WHAT YOU SHOULD DO »
In the records below, find the line that contains "Las cifras provienen" and the line that contains "14. Pull back"; write out exactly those two lines and everything between them, without the pictures.

EXERCISE INPUT »

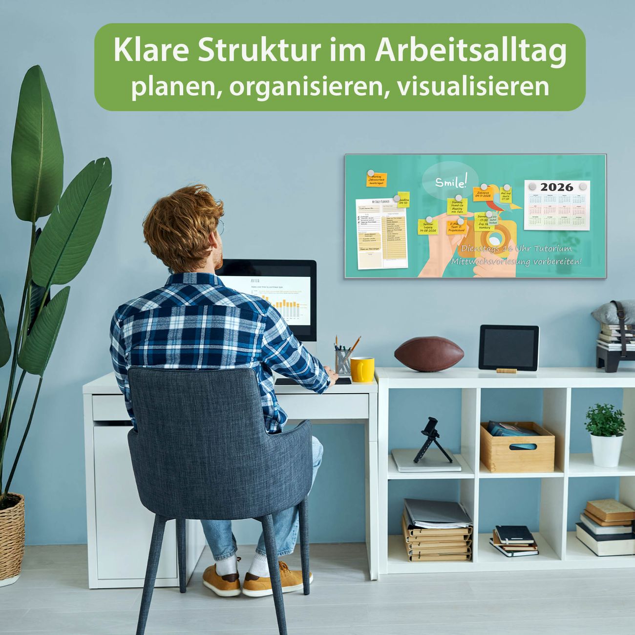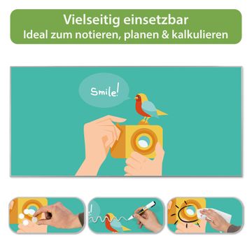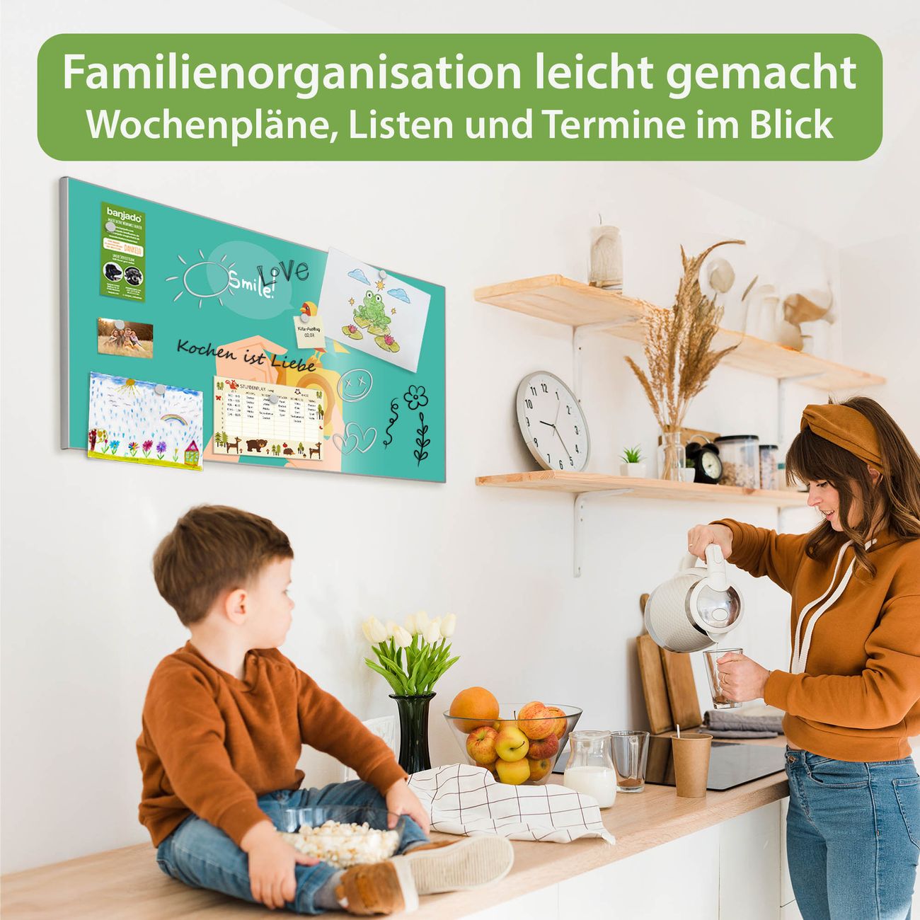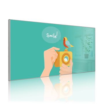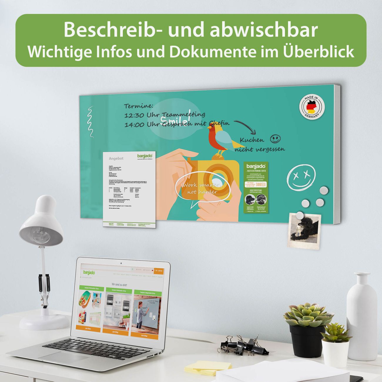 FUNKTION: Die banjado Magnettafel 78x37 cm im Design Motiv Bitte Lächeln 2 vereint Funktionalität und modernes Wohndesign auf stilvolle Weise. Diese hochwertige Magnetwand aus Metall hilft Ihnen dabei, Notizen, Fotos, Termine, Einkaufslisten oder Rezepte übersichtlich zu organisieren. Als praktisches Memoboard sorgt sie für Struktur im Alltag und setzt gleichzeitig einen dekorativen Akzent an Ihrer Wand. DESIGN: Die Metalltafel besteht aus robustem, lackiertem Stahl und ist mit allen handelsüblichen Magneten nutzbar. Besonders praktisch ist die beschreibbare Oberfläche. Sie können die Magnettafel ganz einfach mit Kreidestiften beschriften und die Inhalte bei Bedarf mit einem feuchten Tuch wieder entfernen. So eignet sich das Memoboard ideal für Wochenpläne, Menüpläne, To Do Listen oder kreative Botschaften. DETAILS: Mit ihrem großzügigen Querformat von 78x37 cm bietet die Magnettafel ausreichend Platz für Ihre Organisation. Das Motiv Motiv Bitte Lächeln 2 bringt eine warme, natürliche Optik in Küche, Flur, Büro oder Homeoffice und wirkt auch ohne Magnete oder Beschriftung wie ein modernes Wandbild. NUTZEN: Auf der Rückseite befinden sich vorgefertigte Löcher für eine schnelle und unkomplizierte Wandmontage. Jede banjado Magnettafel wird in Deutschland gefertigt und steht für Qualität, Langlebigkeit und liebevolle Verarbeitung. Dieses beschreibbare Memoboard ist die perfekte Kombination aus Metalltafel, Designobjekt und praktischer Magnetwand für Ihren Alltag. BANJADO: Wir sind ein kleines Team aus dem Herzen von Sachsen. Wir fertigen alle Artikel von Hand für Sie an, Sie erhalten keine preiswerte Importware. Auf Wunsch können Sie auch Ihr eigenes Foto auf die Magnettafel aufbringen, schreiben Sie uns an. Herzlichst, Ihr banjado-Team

...

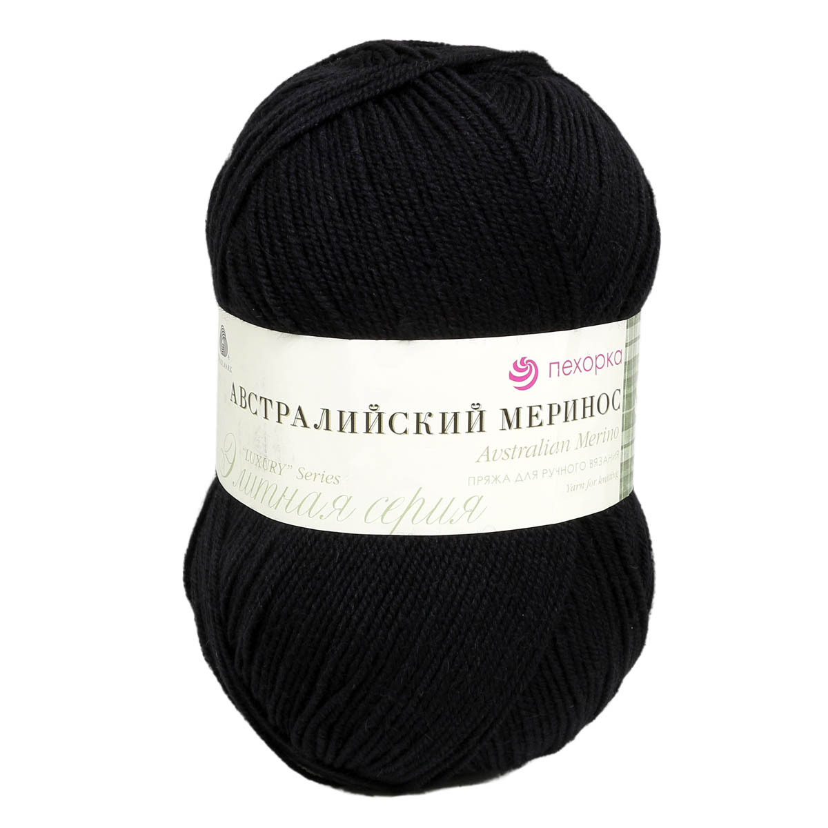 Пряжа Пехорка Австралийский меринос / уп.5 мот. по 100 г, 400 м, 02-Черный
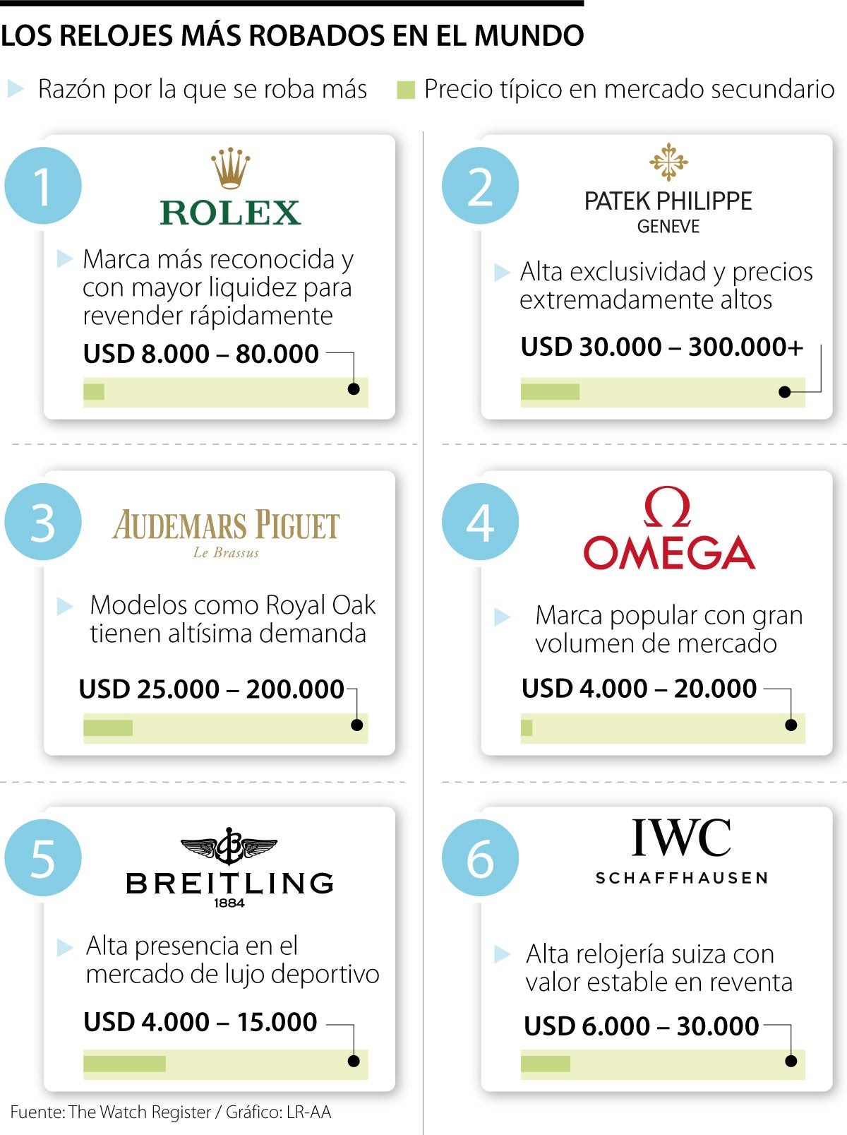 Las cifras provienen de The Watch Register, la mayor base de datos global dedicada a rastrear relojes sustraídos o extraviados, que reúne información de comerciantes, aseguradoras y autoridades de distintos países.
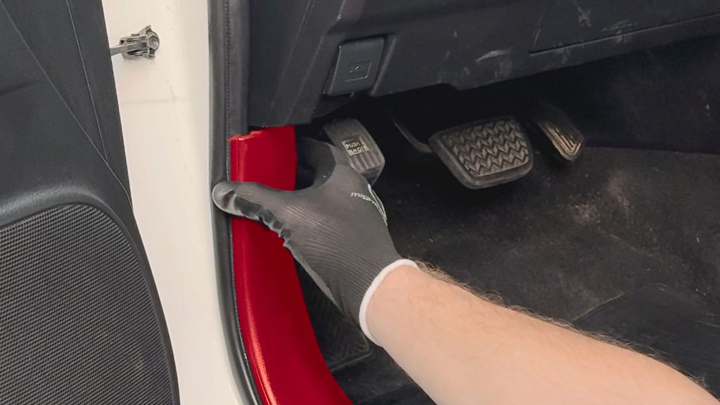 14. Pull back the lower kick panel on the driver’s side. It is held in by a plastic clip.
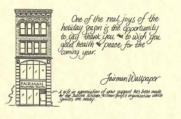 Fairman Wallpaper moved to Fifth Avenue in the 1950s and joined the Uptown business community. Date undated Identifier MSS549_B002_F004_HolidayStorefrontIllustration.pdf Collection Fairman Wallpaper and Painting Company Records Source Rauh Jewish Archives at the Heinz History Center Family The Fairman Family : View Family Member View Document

==

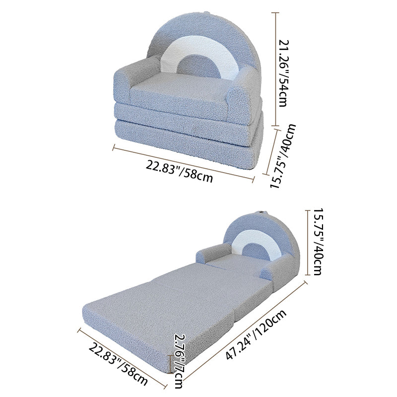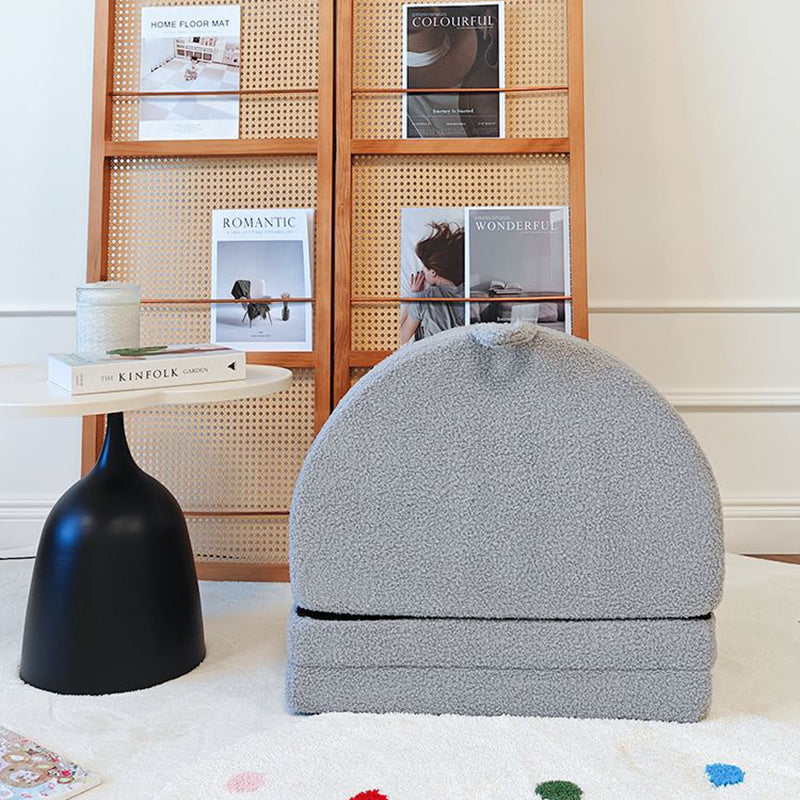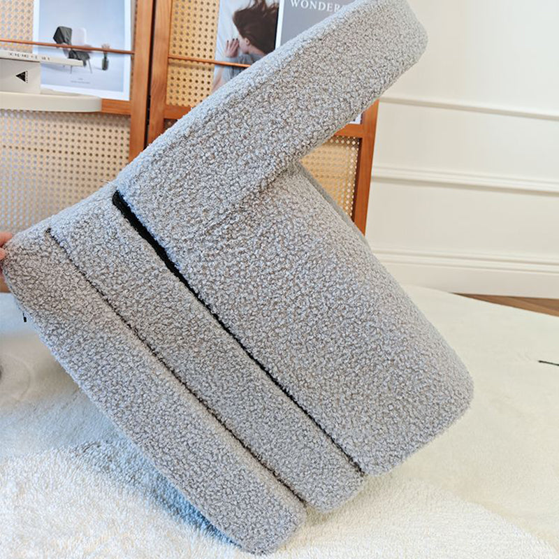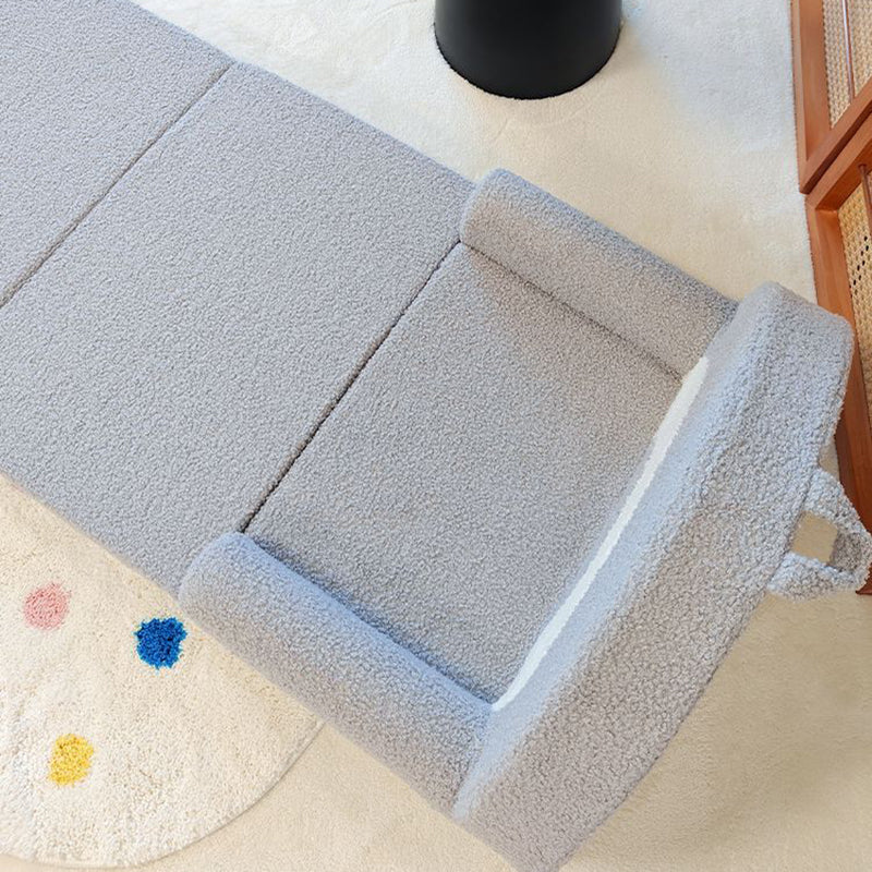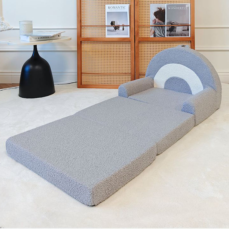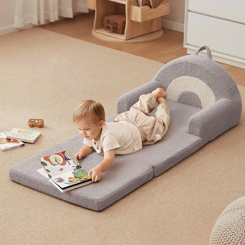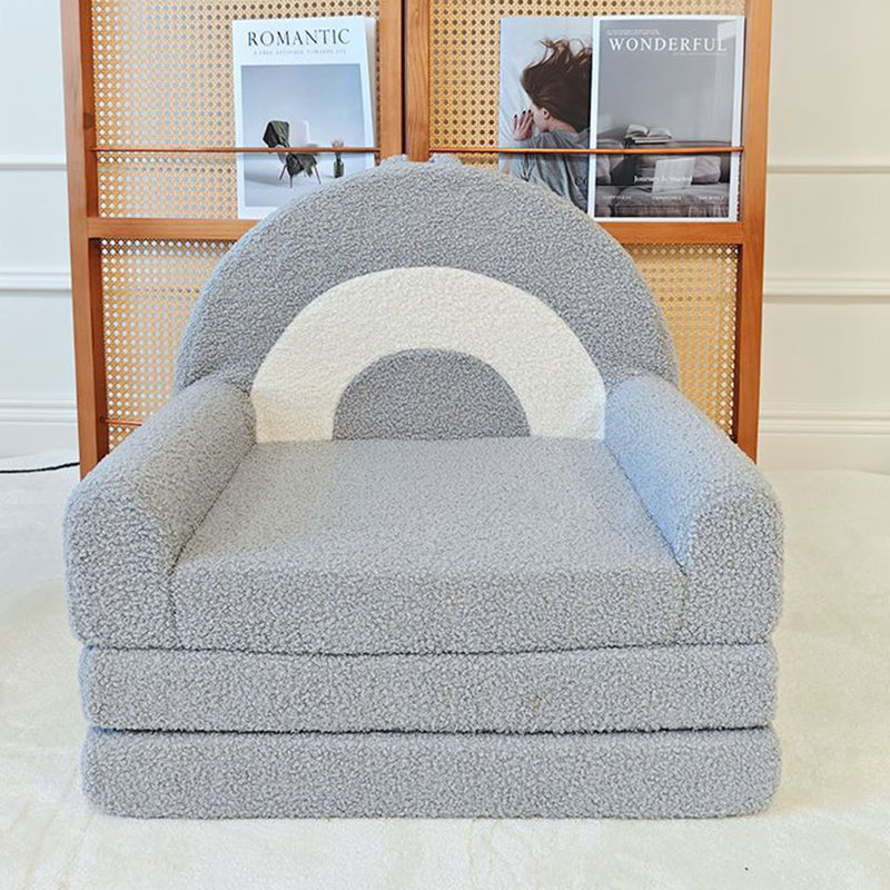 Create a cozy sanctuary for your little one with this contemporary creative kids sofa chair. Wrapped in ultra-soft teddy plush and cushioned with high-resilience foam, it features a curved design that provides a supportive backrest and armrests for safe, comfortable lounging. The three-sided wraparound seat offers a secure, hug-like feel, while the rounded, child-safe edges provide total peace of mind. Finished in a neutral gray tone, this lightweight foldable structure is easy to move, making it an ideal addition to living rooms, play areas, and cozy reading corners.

TASK ANSWER »
 Las cifras provienen de The Watch Register, la mayor base de datos global dedicada a rastrear relojes sustraídos o extraviados, que reúne información de comerciantes, aseguradoras y autoridades de distintos países.
 14. Pull back the lower kick panel on the driver’s side. It is held in by a plastic clip.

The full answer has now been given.